| HN Mirror

Y	Hacker News new \| ask \| show \| jobs


	by 013a 3202 days ago
	That's really interesting. They might be trying to blacklist scrapers that don't properly respect robots.txt files.

2 comments

tossaway1 3202 days ago

Why would a scraper who doesn't respect robots.txt be accessing that file?

link

beobab 3202 days ago

If I was building an unruly scraper (which, in case our new overlords are listening, I would never do), I would read robots.txt so that I had a clue where the secret information that the company did not want me to read was located.
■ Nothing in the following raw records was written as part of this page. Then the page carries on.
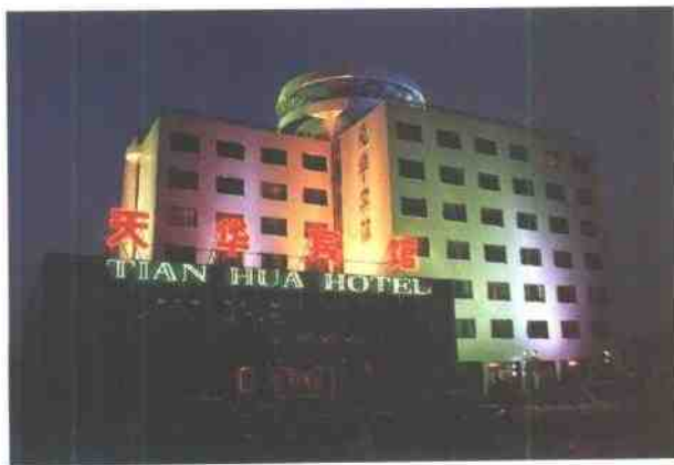
新扩建的天华宾馆夜景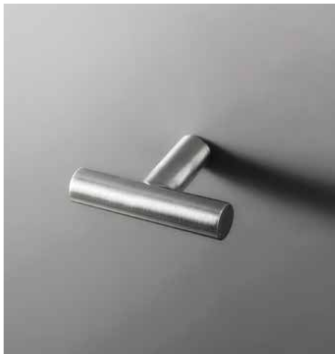
93 7608 [ STAINLESS STEEL ]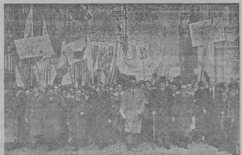
Las autoridades sevillanas, entre las que se encuentra el general Queipo de Llano, encabezan la manifestación celebrada en Sevilla contra la ingerencia extranjera en los asuntos de España. (Foto CIFRA).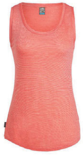
Sphere Tank dömu 8.490 kr.

I'm not allowed to look in /documents/source/? Perfect. Let's start there.

link

013a 3202 days ago

They might be using it as a way to find specific pages which have content Yelp doesn't want you to scrape. The "evil" scenario.
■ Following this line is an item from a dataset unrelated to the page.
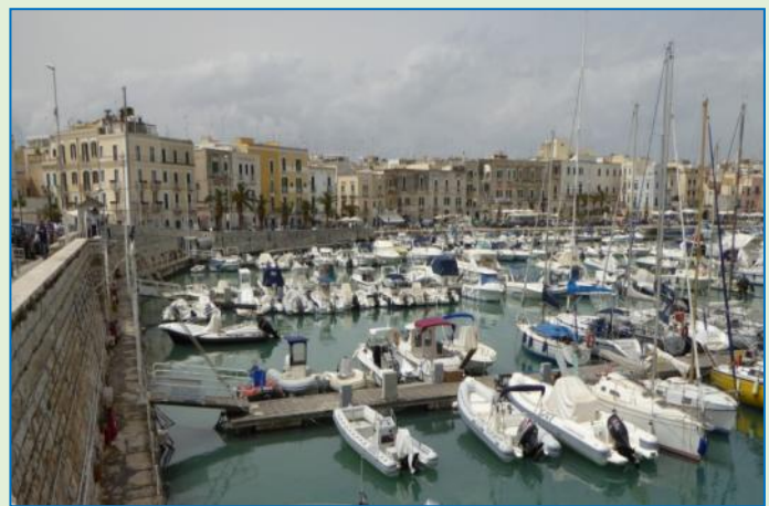
Trani-impresioner: den kunsthistorisk interessante katedral↑, hvor der i begyndende regnvejr ventes på brudeparret↑↑, og havnefronten.

Efter endt bytur bliver det en Hymer-frokost om bord, inden vi kører videre mod den ovenfor omtalte stellplads neden for Castel del Monte . Man kan vist ikke sige, at den er overfyldt; tværtom. Senere kommer der en camper mere, så er vi da ikke alene.

They might also not be looking at the file, and just appending random words to the end of Yelp's biz URLs to scrape every business. Which, at some point, it might hit that URL by accident, since they are all words you'd find in other business URLs. Though this seems less likely.

link

a012 3202 days ago

I assume the GP was using their browser to access these links, though they still be blacklisted by Yelp?

link

wickawic 3202 days ago

Scrapers can be pretty shady, so they're isn't a good way to ensure that web traffic is coming from a legitimate human using a browser. To the server it's all just bits on the wire.

link